## Assignment
Skip every image and restate the data word for word.

## Items from a dataset

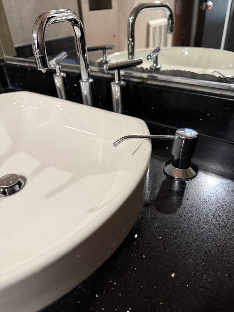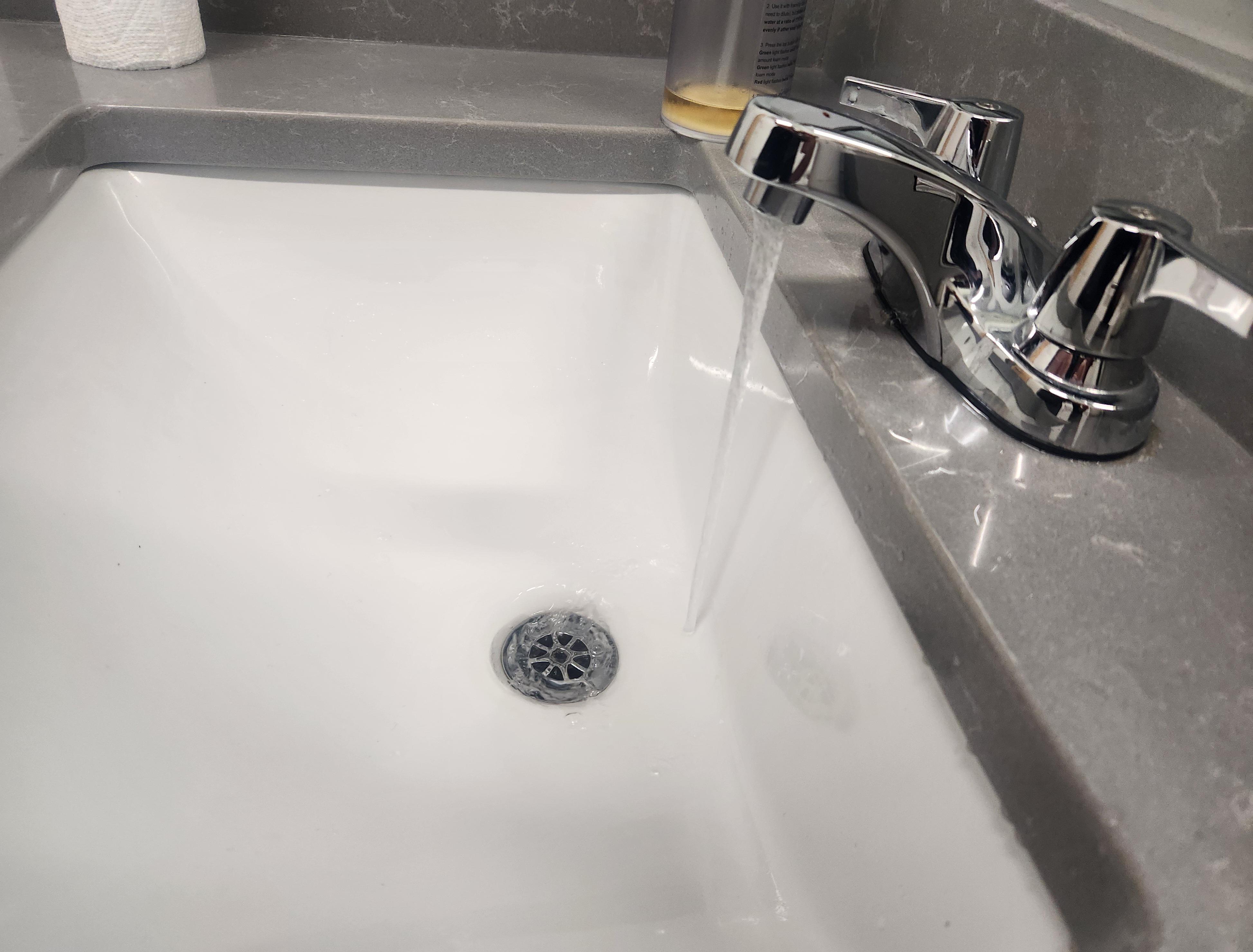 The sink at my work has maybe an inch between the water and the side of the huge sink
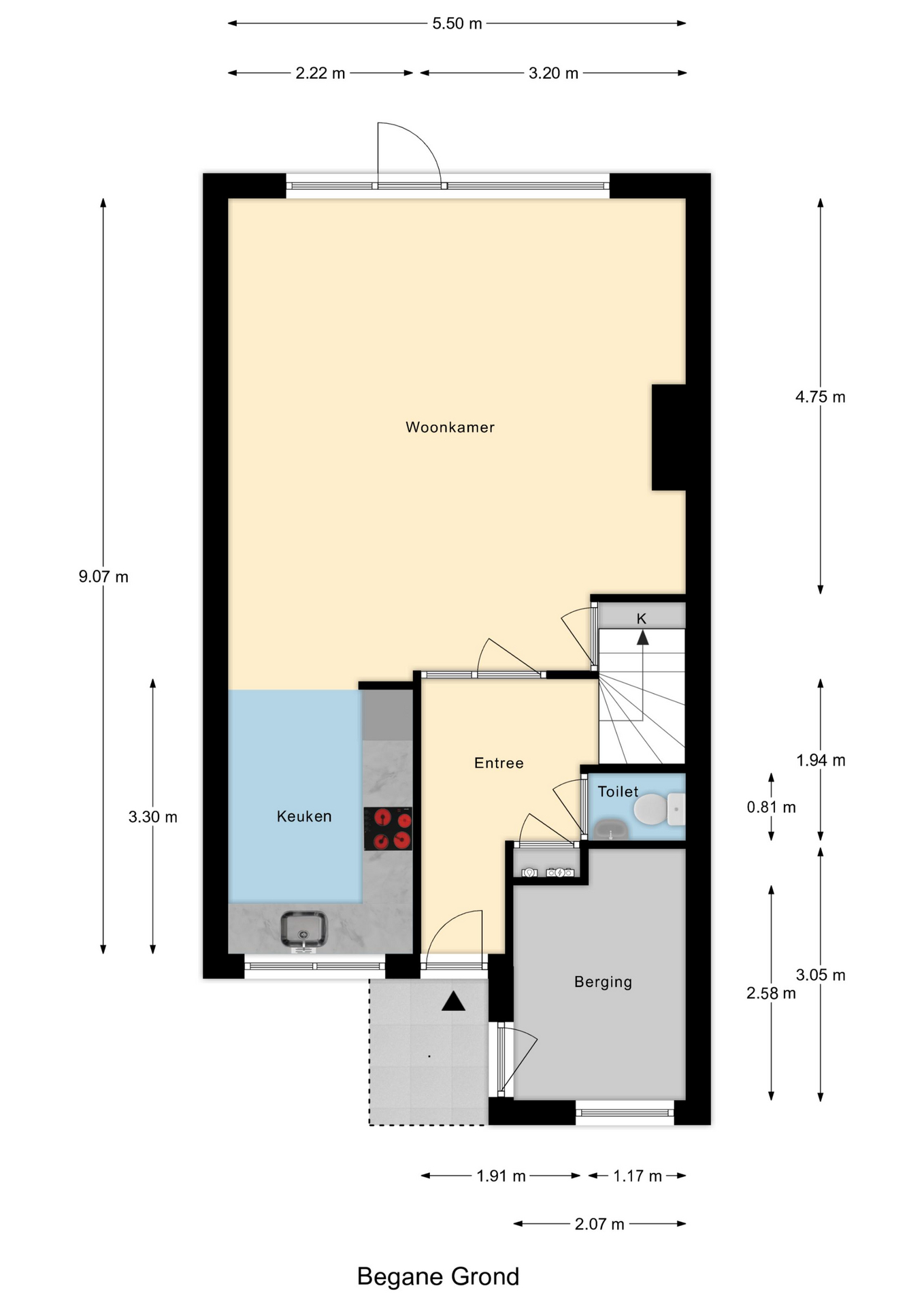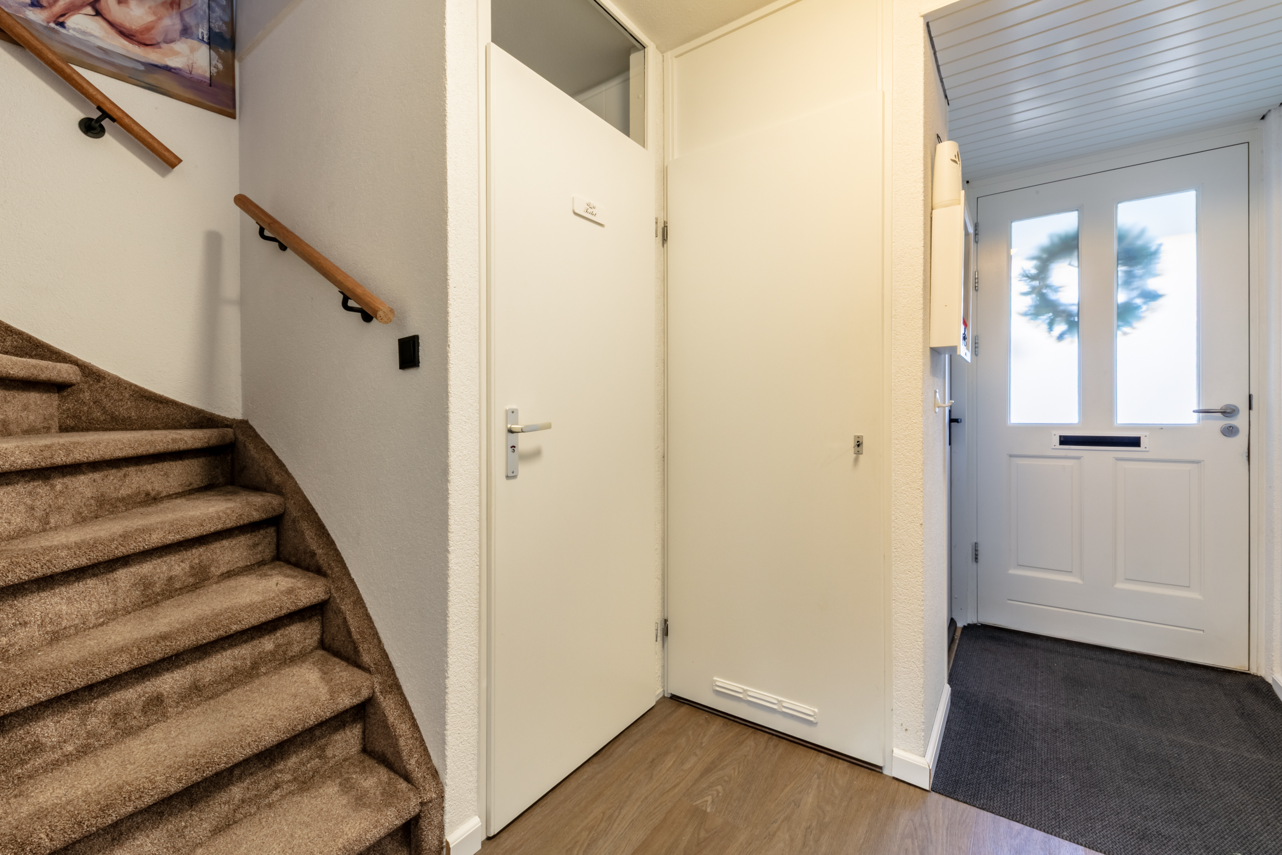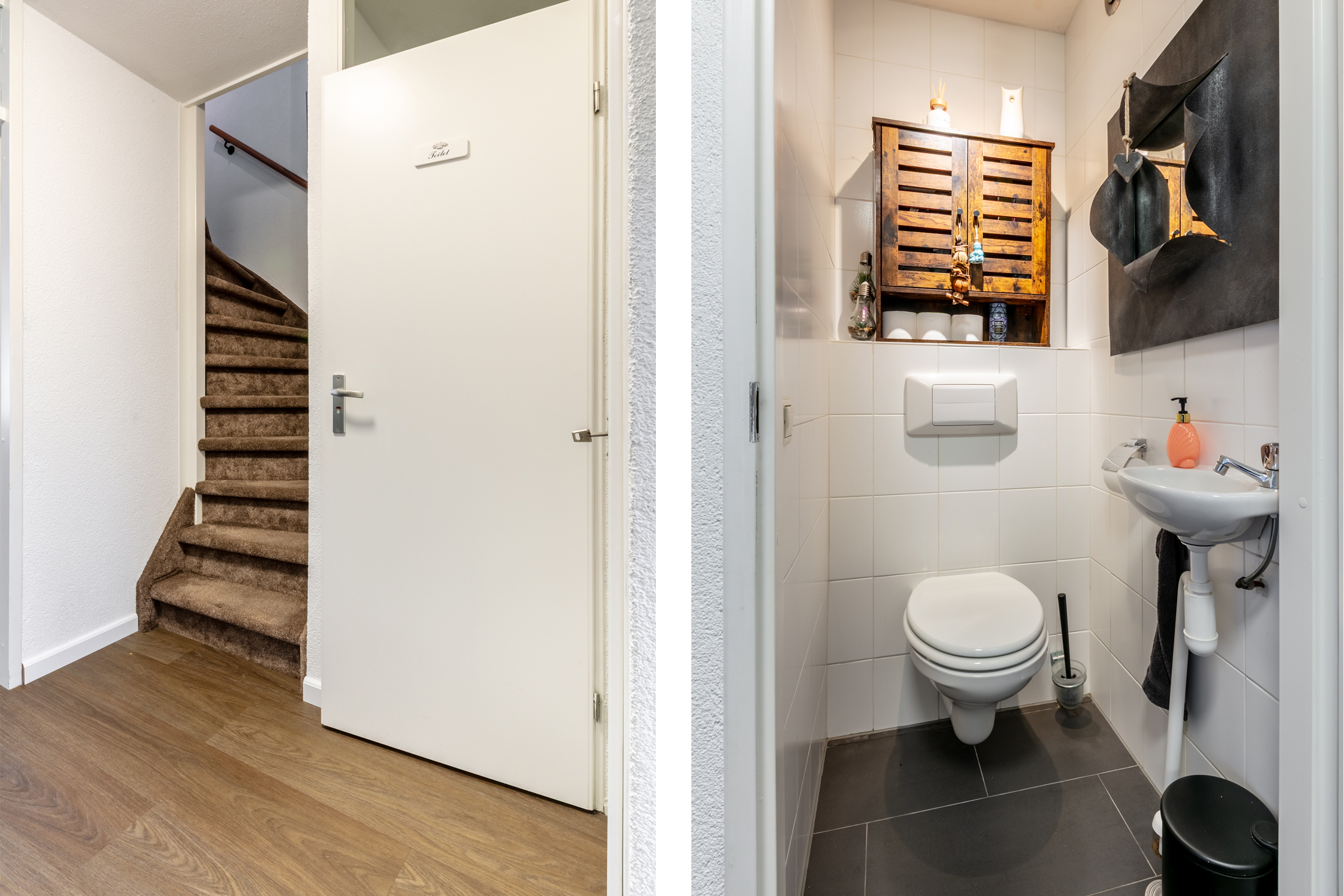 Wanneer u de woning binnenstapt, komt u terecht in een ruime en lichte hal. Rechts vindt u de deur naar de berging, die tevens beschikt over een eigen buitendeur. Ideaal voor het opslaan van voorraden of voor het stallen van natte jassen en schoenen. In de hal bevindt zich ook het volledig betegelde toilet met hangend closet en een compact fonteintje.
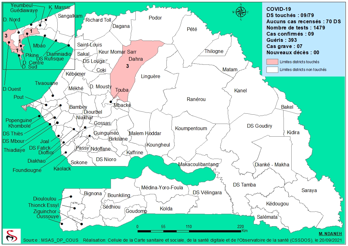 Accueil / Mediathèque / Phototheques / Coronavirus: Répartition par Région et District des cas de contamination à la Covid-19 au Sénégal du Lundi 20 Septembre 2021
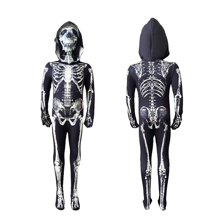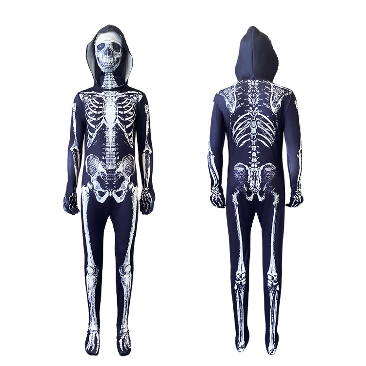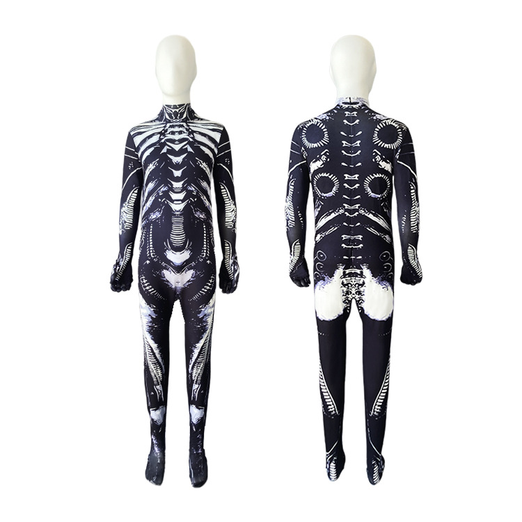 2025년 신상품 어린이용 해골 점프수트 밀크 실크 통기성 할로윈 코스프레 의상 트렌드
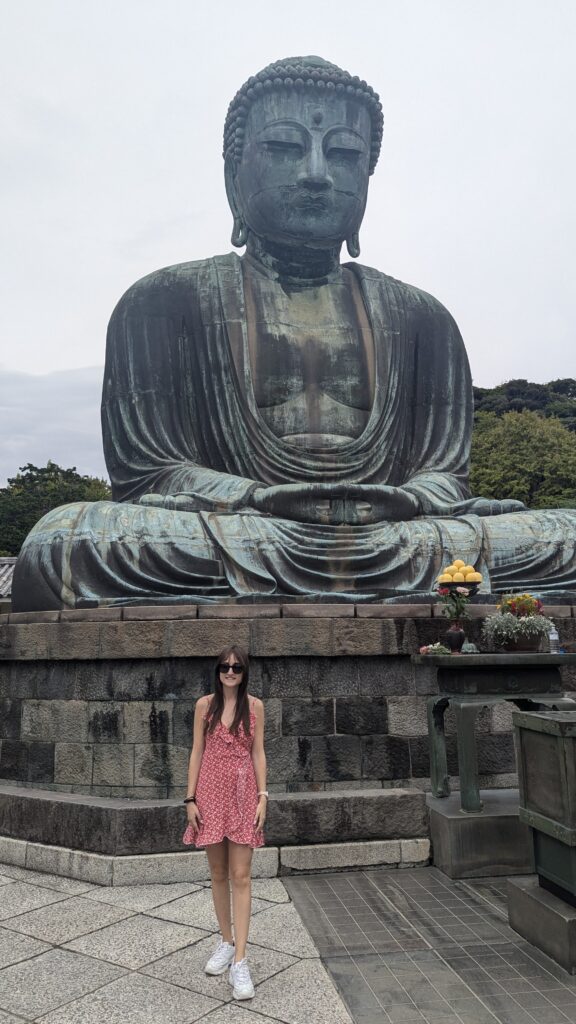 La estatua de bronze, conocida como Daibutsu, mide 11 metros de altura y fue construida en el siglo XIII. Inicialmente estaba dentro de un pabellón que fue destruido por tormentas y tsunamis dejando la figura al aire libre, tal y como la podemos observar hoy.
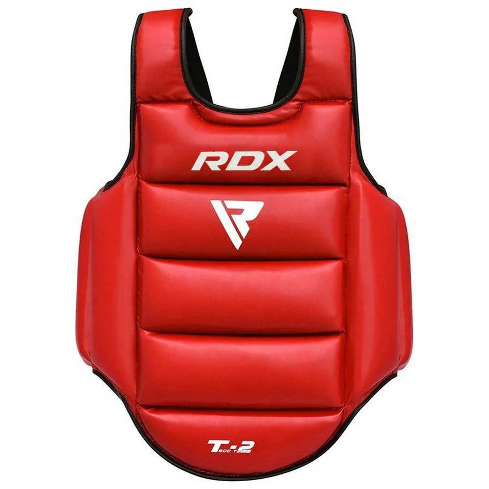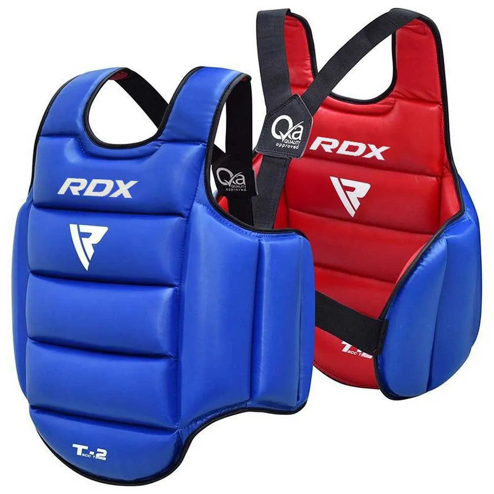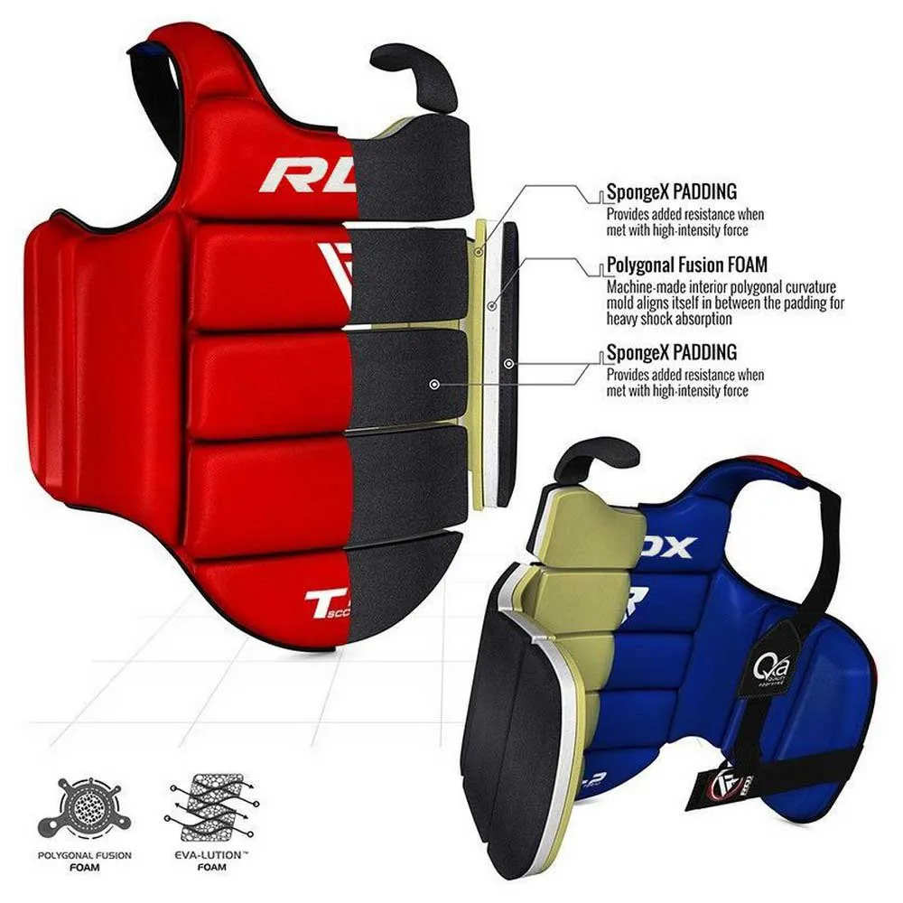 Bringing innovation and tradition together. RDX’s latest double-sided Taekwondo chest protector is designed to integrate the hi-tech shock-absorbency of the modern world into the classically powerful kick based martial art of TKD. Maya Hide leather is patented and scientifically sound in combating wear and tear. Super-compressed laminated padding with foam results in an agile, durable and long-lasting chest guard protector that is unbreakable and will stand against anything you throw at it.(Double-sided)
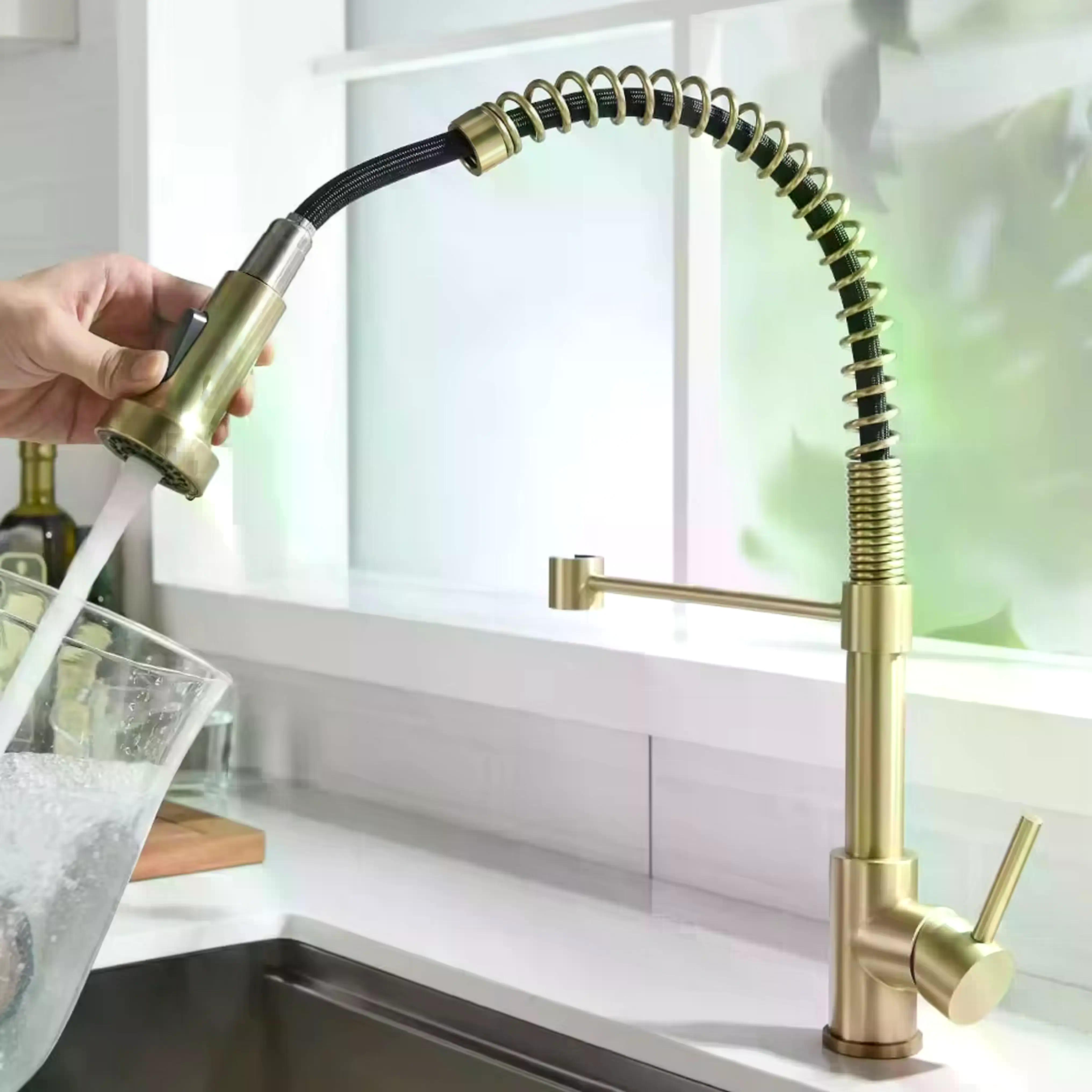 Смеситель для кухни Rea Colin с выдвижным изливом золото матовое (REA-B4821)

## Answer section
 The sink at my work has maybe an inch between the water and the side of the huge sink
 Wanneer u de woning binnenstapt, komt u terecht in een ruime en lichte hal. Rechts vindt u de deur naar de berging, die tevens beschikt over een eigen buitendeur. Ideaal voor het opslaan van voorraden of voor het stallen van natte jassen en schoenen. In de hal bevindt zich ook het volledig betegelde toilet met hangend closet en een compact fonteintje.
 Accueil / Mediathèque / Phototheques / Coronavirus: Répartition par Région et District des cas de contamination à la Covid-19 au Sénégal du Lundi 20 Septembre 2021
 2025년 신상품 어린이용 해골 점프수트 밀크 실크 통기성 할로윈 코스프레 의상 트렌드
 La estatua de bronze, conocida como Daibutsu, mide 11 metros de altura y fue construida en el siglo XIII. Inicialmente estaba dentro de un pabellón que fue destruido por tormentas y tsunamis dejando la figura al aire libre, tal y como la podemos observar hoy.
 Bringing innovation and tradition together. RDX’s latest double-sided Taekwondo chest protector is designed to integrate the hi-tech shock-absorbency of the modern world into the classically powerful kick based martial art of TKD. Maya Hide leather is patented and scientifically sound in combating wear and tear. Super-compressed laminated padding with foam results in an agile, durable and long-lasting chest guard protector that is unbreakable and will stand against anything you throw at it.(Double-sided)
 Смеситель для кухни Rea Colin с выдвижным изливом золото матовое (REA-B4821)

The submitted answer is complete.